Certes, mais dans les deux cas, l’effort de développement et de maintenance reste borné, pour une raison valable ou non. Et donc on peut déduire (selon le postulat en question) que l’utilité des dépendances externes reste importante dans ce contexte, ce qui va exactement dans le même sens que ce que tu dis.

Un autre angle de vue (qui est d’ailleurs cité par le premier billet) indique que quoiqu’il arrive toutes les fonctionnalités qui font partie du "coeur de métier" (core) gagnent à être développées "maison". Et l'outsourcing (à traduire ici plutôt comme "l’utilisation de dépendances") devrait rester cantonné, quand il est pratiqué, à ce qui n’est pas la spécialité de l’équipe, autrement dit à ce qui ne relève pas de la valeur ajoutée directe que l’équipe développe dans le produit.
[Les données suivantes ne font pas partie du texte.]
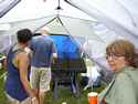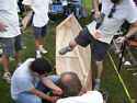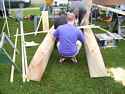 One of the local Civic Clubs has a boat building booth for children.

Ce avec quoi je suis on ne peut plus d’accord, en ce qui me concerne.

Il est tout à fait normal de déléguer la maximum de choses au départ, mais ce que j’observe, c’est qu’à mesure que l’effort de maintenance croît (c’est-à-dire "que le temps passe" si on reste à équipe fixe, sans turnover), les premières dépendances externes à dégager du projet sont les plus proches du véritable coeur de métier du code. Dans mon exemple personnel actuel, l’ORM que j’ai dégagé était vraiment la brique externe la plus proche de l’intelligence que fournit mon backend à ses utilisateurs, contrairement à beaucoup d’autres dépendances que j’utilise comme de la crypto, le protocole gRPC, ou le protocole OIDC, ou le parsing et la validation de JWT, ou un client Discord… qu’il ne me viendrait même pas à l’esprit de remplacer par du code maison.